Look in the material below for the line holding "[Star] STRIPING STICKER". Set it down exactly, with each later line up to and including the line holding "Pakistan’s Largest Urdu".

- _DATA EXCERPTS_
☆ ☆ ☆ ☆

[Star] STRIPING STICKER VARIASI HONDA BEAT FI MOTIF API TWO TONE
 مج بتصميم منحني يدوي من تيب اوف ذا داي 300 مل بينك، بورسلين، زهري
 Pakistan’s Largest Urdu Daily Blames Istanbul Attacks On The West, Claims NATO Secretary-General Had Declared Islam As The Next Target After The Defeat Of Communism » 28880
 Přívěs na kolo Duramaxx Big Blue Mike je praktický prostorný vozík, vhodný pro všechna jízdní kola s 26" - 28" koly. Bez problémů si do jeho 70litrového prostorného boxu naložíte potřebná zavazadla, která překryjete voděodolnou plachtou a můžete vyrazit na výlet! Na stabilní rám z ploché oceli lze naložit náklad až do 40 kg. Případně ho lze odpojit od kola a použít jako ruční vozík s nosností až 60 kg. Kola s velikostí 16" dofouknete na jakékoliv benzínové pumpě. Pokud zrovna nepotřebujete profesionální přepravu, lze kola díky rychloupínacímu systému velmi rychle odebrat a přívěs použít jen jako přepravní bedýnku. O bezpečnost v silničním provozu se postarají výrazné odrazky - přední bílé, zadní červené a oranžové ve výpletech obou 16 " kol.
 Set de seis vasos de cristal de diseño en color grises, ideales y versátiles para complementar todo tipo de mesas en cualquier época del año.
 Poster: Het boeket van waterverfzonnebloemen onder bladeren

☆ ☆ ☆ ☆

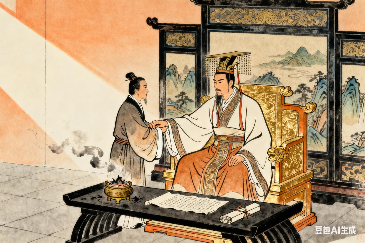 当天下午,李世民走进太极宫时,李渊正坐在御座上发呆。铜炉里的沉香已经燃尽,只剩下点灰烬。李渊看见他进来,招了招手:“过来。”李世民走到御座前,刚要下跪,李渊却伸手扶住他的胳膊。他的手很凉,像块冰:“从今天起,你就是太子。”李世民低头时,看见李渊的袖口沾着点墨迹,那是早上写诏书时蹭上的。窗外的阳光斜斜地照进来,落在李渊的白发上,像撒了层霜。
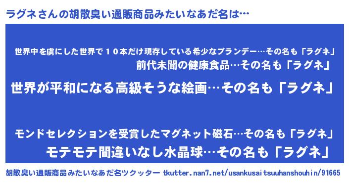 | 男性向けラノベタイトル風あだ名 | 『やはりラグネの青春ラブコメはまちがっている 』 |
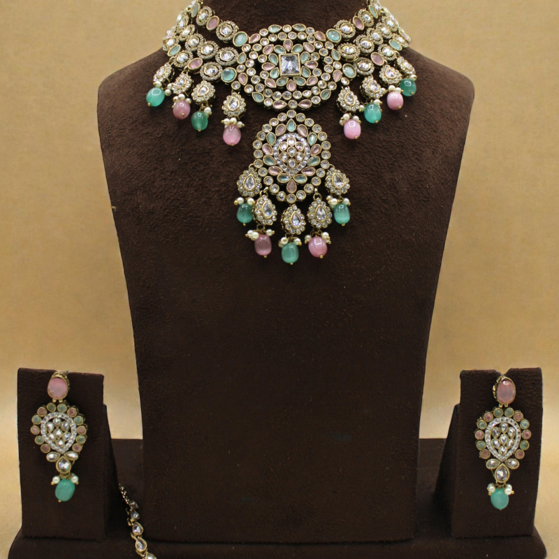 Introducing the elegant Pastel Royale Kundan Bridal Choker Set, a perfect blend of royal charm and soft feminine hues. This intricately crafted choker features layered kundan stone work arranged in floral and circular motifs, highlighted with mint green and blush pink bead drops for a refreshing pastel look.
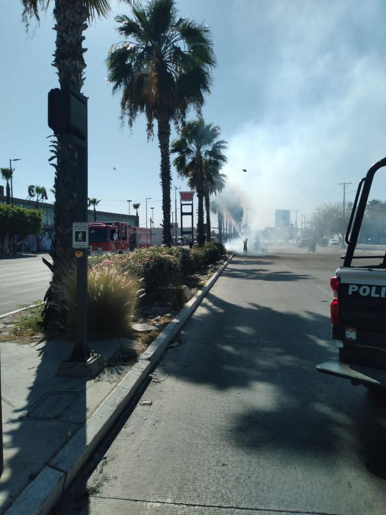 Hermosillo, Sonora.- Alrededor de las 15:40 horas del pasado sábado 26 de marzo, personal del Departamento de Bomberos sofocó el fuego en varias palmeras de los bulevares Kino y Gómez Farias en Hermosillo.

☆ ☆ ☆ ☆

- _EXERCISE RESULT_
[Star] STRIPING STICKER VARIASI HONDA BEAT FI MOTIF API TWO TONE
 مج بتصميم منحني يدوي من تيب اوف ذا داي 300 مل بينك، بورسلين، زهري
 Pakistan’s Largest Urdu Daily Blames Istanbul Attacks On The West, Claims NATO Secretary-General Had Declared Islam As The Next Target After The Defeat Of Communism » 28880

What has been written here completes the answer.